§ **INPUT DATA**
- - -
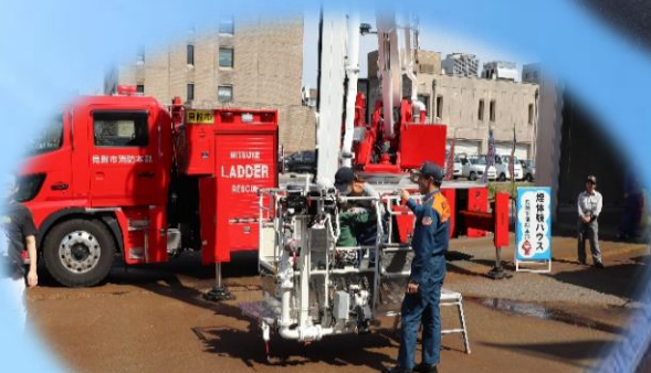
車両展示・写真撮影
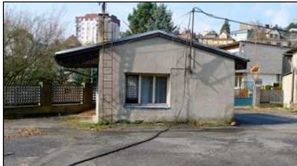
vrátnice na stpč. 726, vjezd
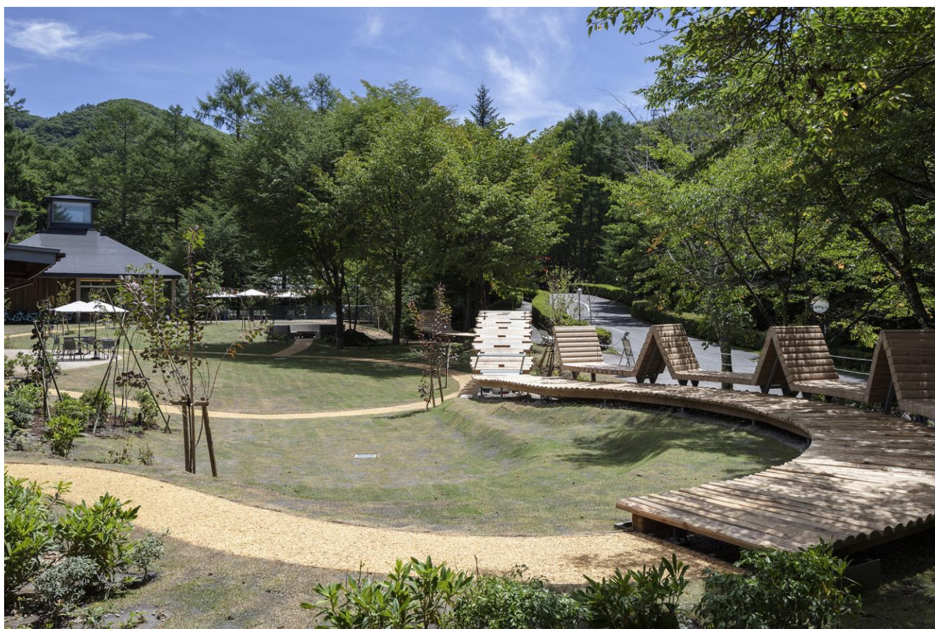
芝生と木に囲まれた緑豊かな空間
- - -
§ **REQUIRED ACTION**
The whole listing above must be set down again exactly, but without its images.

§ **RESULT OF THE TASK**
車両展示・写真撮影
vrátnice na stpč. 726, vjezd
芝生と木に囲まれた緑豊かな空間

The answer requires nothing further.